4.4.3. Data Source Design Space

A DataSourceDesignSpace is similar in spirit to an enumerated design space, but the candidates are drawn from an existing data source instead of being specified through a list of dictionaries. Any data source can be used and no additional information is needed.

For example, assume you have a GemTable that contains one Row for each candidate that you wish to test. Assume the table’s table_id and table_version are known. The example code below creates a registers a design space based on this Gem Table.

from citrine.informatics.data_sources import GemTableDataSource
from citrine.informatics.design_spaces import DataSourceDesignSpace

data_source = GemTableDataSource(
    table_id=table_id,
    table_version=table_version
)

design_space = DataSourceDesignSpace(
    name="my candidates",
    description="450 potential formulations",
    data_source=data_source
)

registered_design_space = project.design_spaces.register(design_space)

4.4.4. Formulation Design Space

A FormulationDesignSpace defines the set of formulations that can be produced from a given set of ingredient names, labels, and constraints. Ingredient names are specified as a set of strings, each mapping to a unique ingredient in a design space. For example, {"water","salt"} may be the set of names for a design space with two ingredients. Labels provide a way to map a string to a set of ingredient names. For example, salt can be labeled as a solute by specifying the mapping {"solute": {"salt"}}. An ingredient may be given multiple labels, and an ingredient will always be given all applicable labels when present in a formulation.

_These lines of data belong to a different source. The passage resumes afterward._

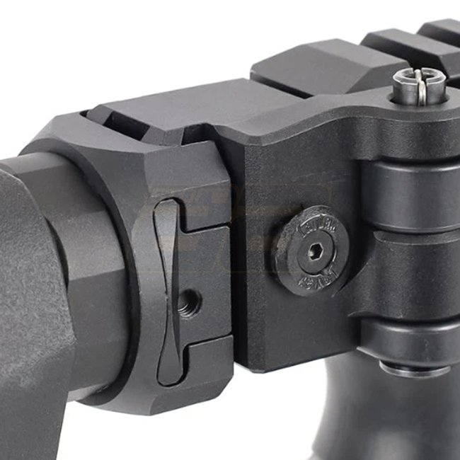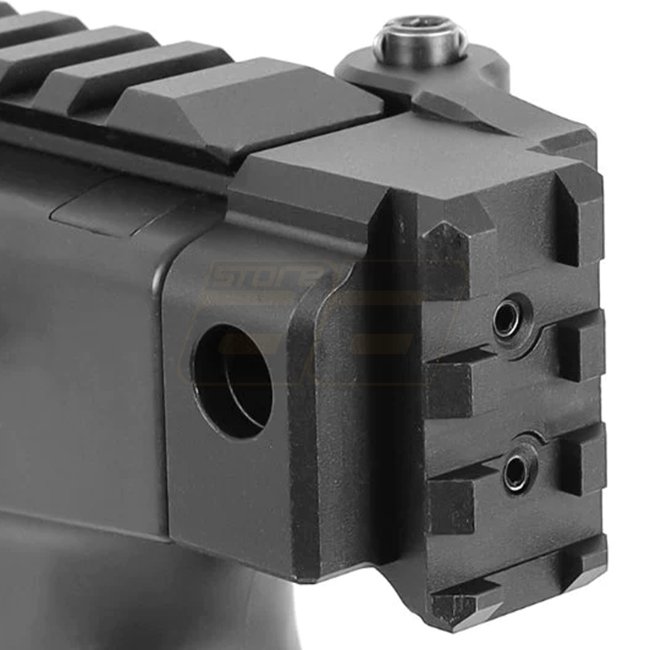 Eine schwarze Picatinny-Hintergrundstütze, die für Layalx Krytac Kriss Vector AEG entwickelt wurde und Stabilität sowie Anpassungsoptionen für Ihre Feuerwaffe bietet.
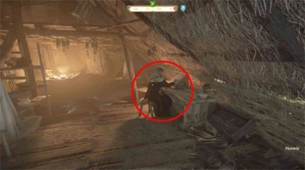 沿着一条小路就能够来到隐士的小屋,接着击杀里面的人或偷窃它的书可以发现真正的隐士早已死去。
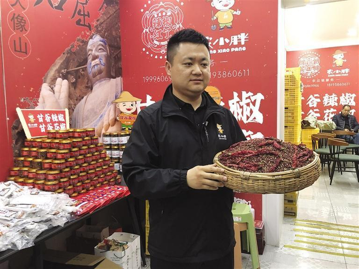 在这个满是餐饮店的四合院里,海英麻辣烫隔壁的店是一家经营甘谷辣椒、花椒特产店。走进去,才发现它原来是一家米粉店连夜“爆改”的。“天水麻辣烫的灵魂味道就来自甘谷辣椒、花椒。我们在政府扶持下,在流量中心地带连夜开业这家特产店,主要是做窗口展示,推广天水农产品。小店背后我们还有完整的产业链、交易市场作支撑。”在深圳创业10年的甘谷“90后”青年巩士杰是甘肃农小胖农业科技发展有限公司负责人,2017年返乡创业看中了农业板块,做得有声有色。而这一次,有外贸经验的他很快又抓住了流量契机。
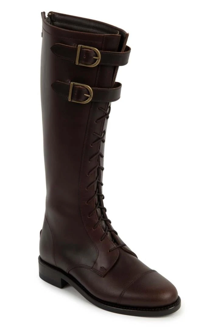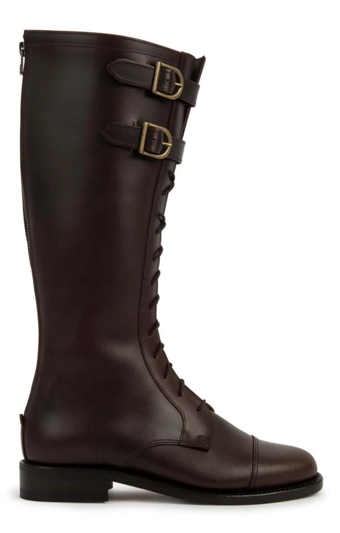 Kick off your new boot collection with these highly desirable lace and buckle boots in 100% leather. Meticulously made in Spain, these beautifully crafted knee high boots display impeccable attention to detail from top to toe. The lacing to the front and two buckle fastenings are backed up by a full length zip to the rear for ease of access and they feature immaculate stitching throughout.
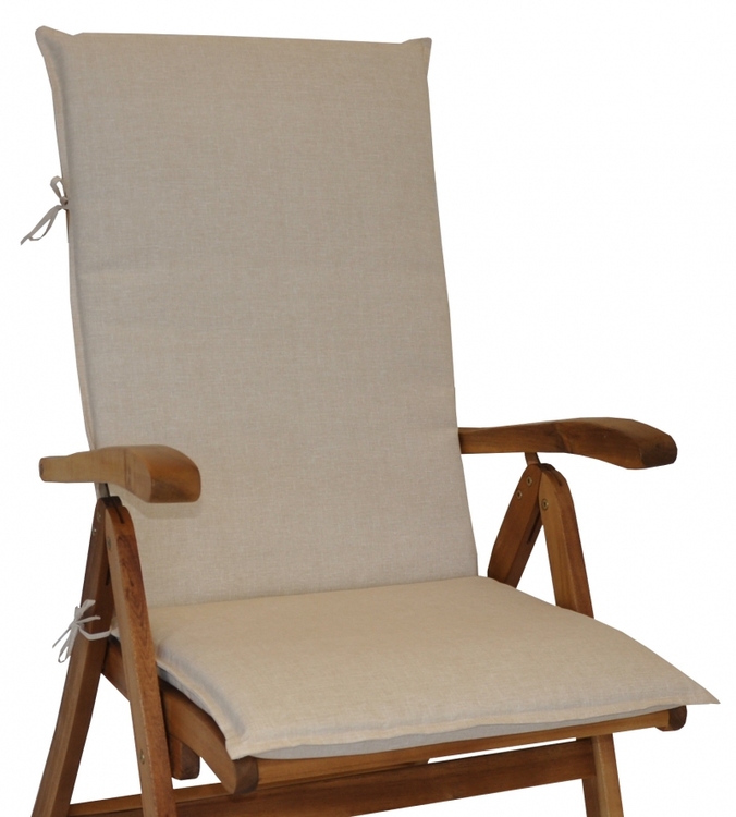 Samostatný polstr na teakové zahradní křeslo s vysokým opěradlem a stavitelnou polohou opěradla.
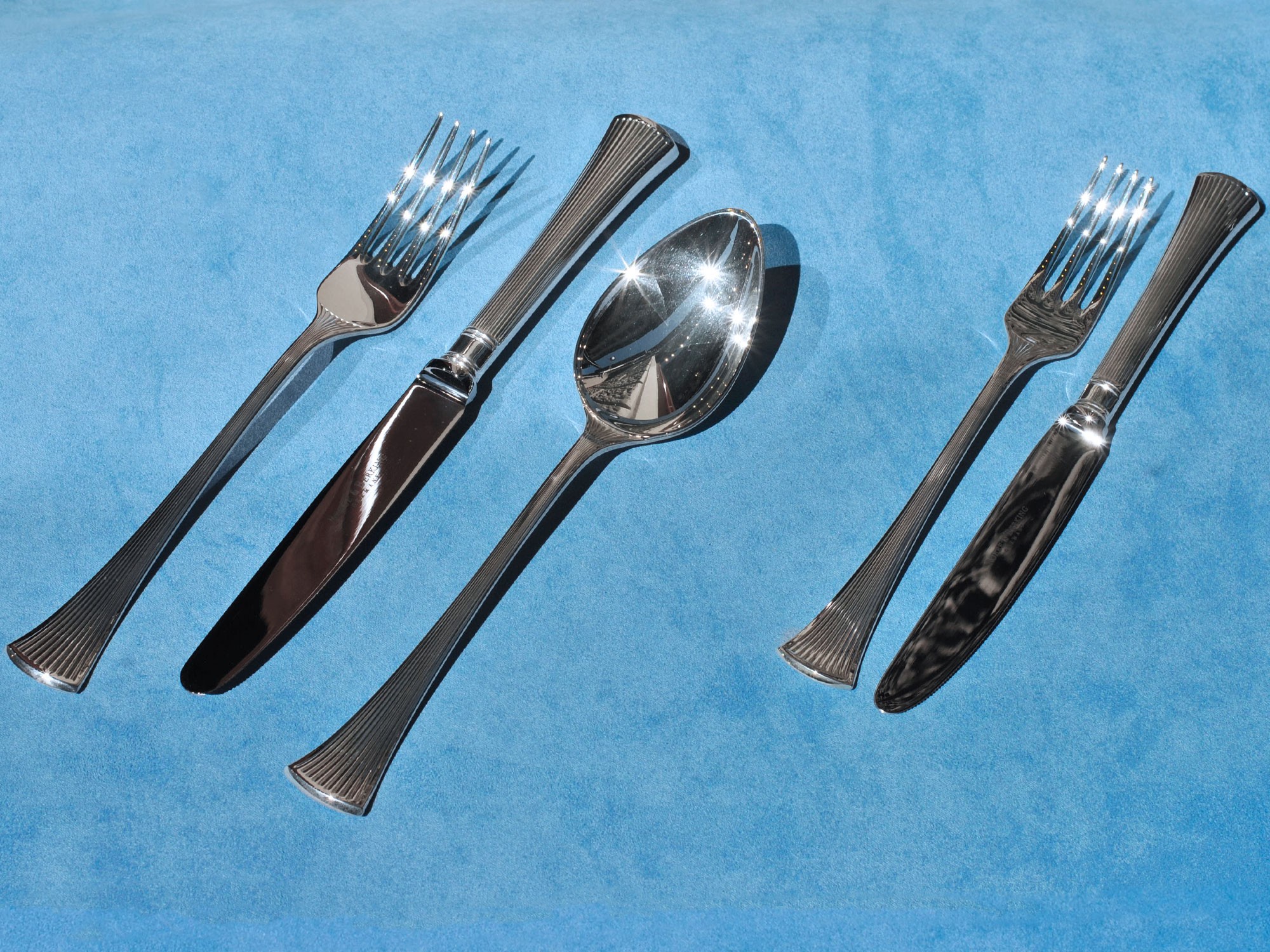 Il set comprende Forchetta, Coltello e Cucchiaio da menu e Forchetta e coltello dessert.

Constraints restrict the total number or fractional amount of ingredients in formulations sampled from the design space. There are three types of constraint that can be specified as part of a formulation design space:

  • IngredientCountConstraint constrains the total number of ingredients in a formulation. At least one constraint on the total number of ingredients is required. Formulation Design Spaces without this constraint will fail validation. Additional ingredient count constraints may specify a label. If specified, only ingredients with the given label count towards the constraint total. This could be used, for example, to constrain the total number of solutes in a formulation without constraining the number of solvents.

  • IngredientFractionConstraint restricts the fractional amount of a single formulation ingredient between minimum and maximum bounds.

  • LabelFractionConstraint places minimum and maximum bounds on the sum of fractional amounts of ingredients that have a specified label. This could be used, for example, to ensure the total fraction of ingredients labeled as solute is within a given range.

All minimum and maximum bounds for these three formulation constraints are inclusive.

IngredientFractionConstraint and LabelFractionConstraint also have an is_required flag. By default is_required == True, indicating that ingredient and label fractions unconditionally must be within the minimum and maximum bound defined by the constraint. If set to False, the fractional amount may be either zero or within the specified bounds. In other words, the fractional amount is restricted to the specified bounds only when the formulation contains the constrained ingredient (for ingredient fraction constraints) or any ingredient with the given label (for label fraction constraints). Setting is_required to False effectively adds 0 as a valid value.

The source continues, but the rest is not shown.